Stored records:
▬▬▬▬▬▬▬▬▬▬
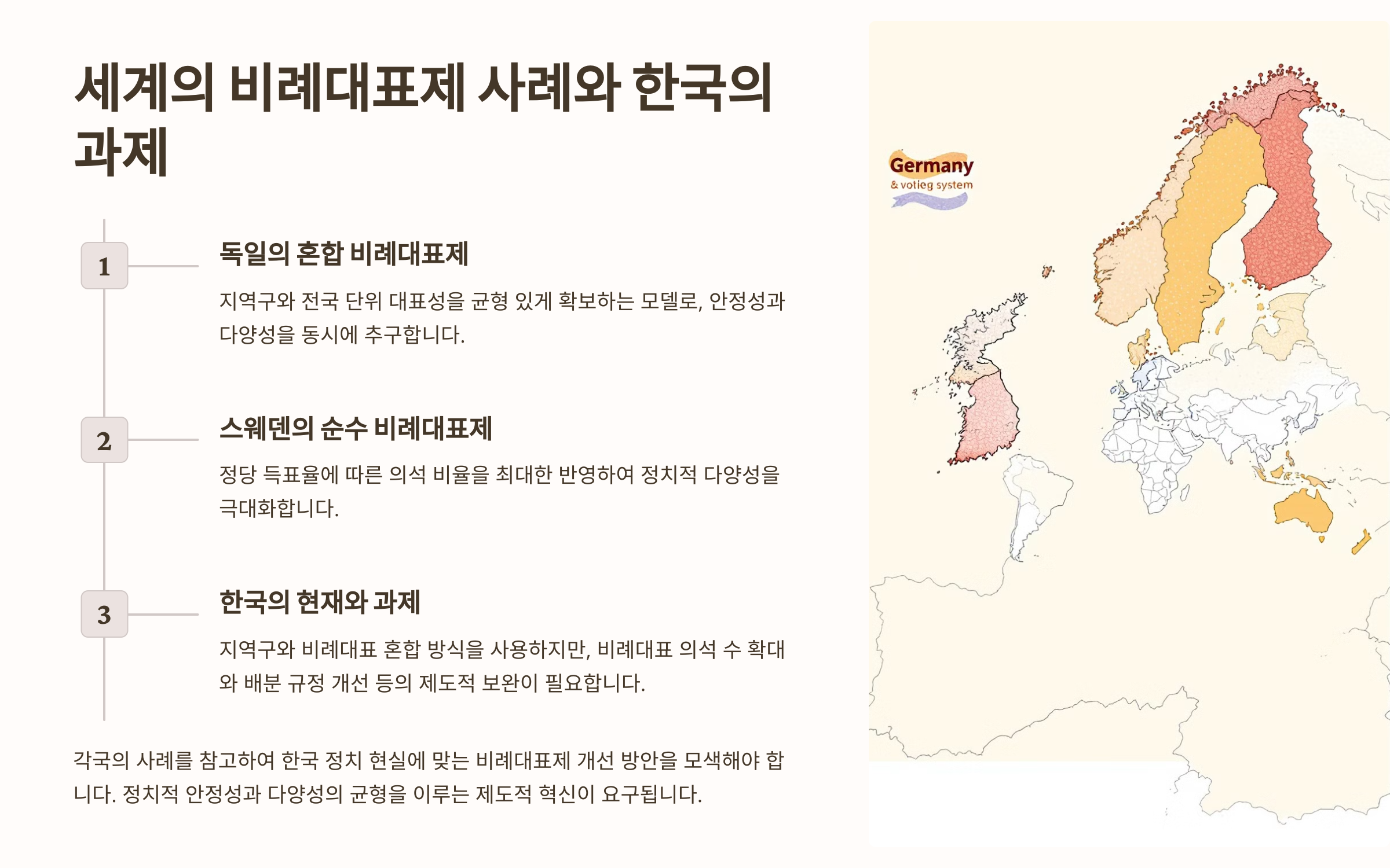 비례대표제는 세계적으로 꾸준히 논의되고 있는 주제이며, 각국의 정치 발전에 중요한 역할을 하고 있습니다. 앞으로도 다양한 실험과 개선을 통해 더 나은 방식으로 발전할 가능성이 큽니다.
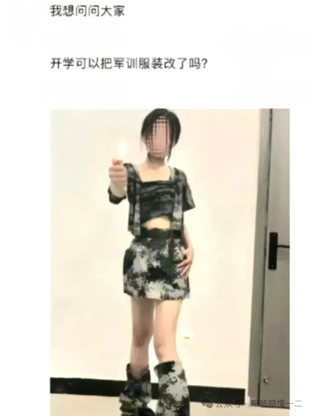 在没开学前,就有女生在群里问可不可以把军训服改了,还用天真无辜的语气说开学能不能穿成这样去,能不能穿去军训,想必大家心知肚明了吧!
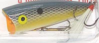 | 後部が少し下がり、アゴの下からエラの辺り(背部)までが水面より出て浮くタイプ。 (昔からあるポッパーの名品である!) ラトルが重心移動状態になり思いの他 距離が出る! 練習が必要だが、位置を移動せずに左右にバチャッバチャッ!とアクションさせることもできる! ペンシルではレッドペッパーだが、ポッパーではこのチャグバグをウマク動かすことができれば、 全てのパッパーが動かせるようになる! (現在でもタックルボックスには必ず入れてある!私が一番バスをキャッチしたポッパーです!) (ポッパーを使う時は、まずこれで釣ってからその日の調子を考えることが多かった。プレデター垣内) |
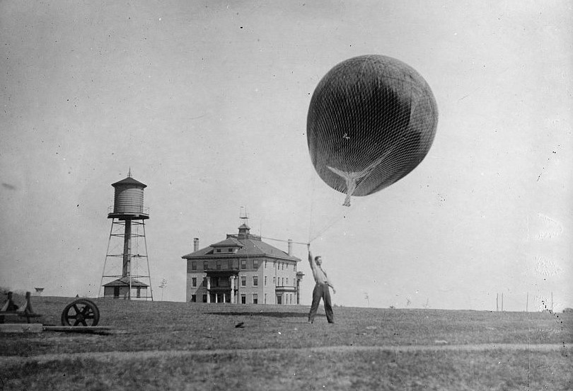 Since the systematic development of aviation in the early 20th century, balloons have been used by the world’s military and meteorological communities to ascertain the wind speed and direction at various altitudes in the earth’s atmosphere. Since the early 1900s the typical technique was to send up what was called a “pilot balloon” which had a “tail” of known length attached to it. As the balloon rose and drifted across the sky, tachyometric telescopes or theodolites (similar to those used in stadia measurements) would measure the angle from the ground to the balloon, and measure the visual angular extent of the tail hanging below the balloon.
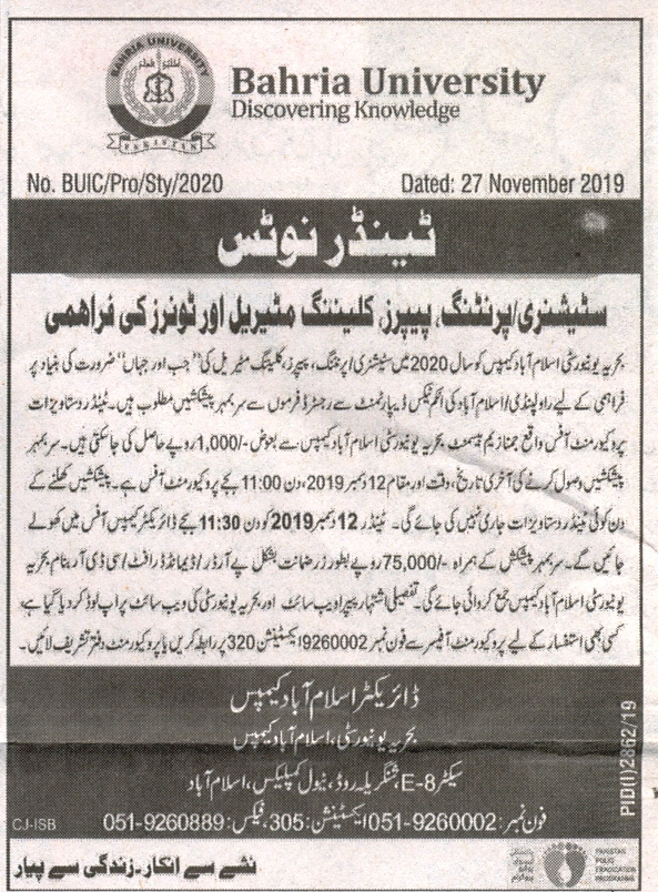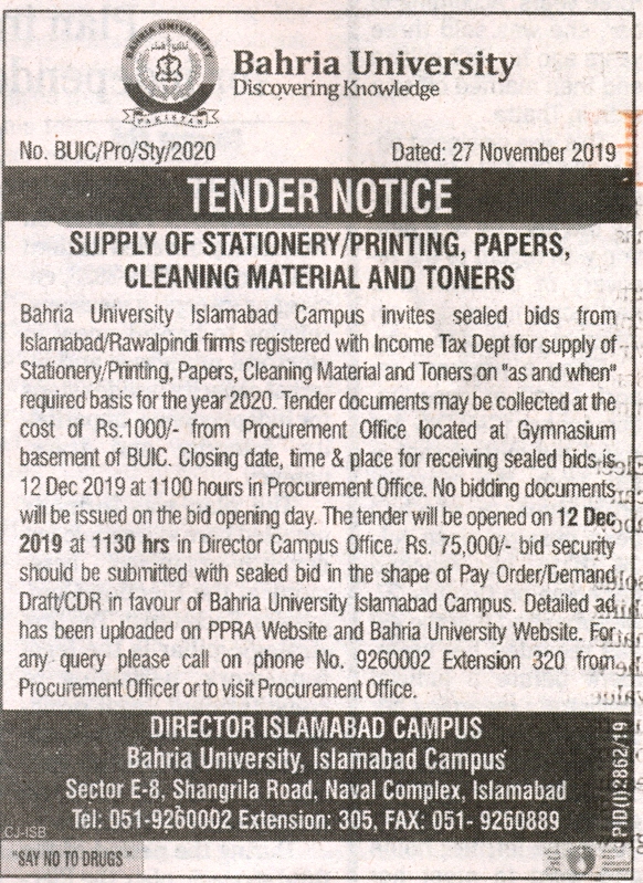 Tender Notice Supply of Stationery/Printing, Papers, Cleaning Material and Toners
▬▬▬▬▬▬▬▬▬▬
What to produce ->
Could you return all of the entries above exactly, without any images?

Your response ->
 비례대표제는 세계적으로 꾸준히 논의되고 있는 주제이며, 각국의 정치 발전에 중요한 역할을 하고 있습니다. 앞으로도 다양한 실험과 개선을 통해 더 나은 방식으로 발전할 가능성이 큽니다.
 在没开学前,就有女生在群里问可不可以把军训服改了,还用天真无辜的语气说开学能不能穿成这样去,能不能穿去军训,想必大家心知肚明了吧!
 | 後部が少し下がり、アゴの下からエラの辺り(背部)までが水面より出て浮くタイプ。 (昔からあるポッパーの名品である!) ラトルが重心移動状態になり思いの他 距離が出る! 練習が必要だが、位置を移動せずに左右にバチャッバチャッ!とアクションさせることもできる! ペンシルではレッドペッパーだが、ポッパーではこのチャグバグをウマク動かすことができれば、 全てのパッパーが動かせるようになる! (現在でもタックルボックスには必ず入れてある!私が一番バスをキャッチしたポッパーです!) (ポッパーを使う時は、まずこれで釣ってからその日の調子を考えることが多かった。プレデター垣内) |
 Since the systematic development of aviation in the early 20th century, balloons have been used by the world’s military and meteorological communities to ascertain the wind speed and direction at various altitudes in the earth’s atmosphere. Since the early 1900s the typical technique was to send up what was called a “pilot balloon” which had a “tail” of known length attached to it. As the balloon rose and drifted across the sky, tachyometric telescopes or theodolites (similar to those used in stadia measurements) would measure the angle from the ground to the balloon, and measure the visual angular extent of the tail hanging below the balloon.
 Tender Notice Supply of Stationery/Printing, Papers, Cleaning Material and Toners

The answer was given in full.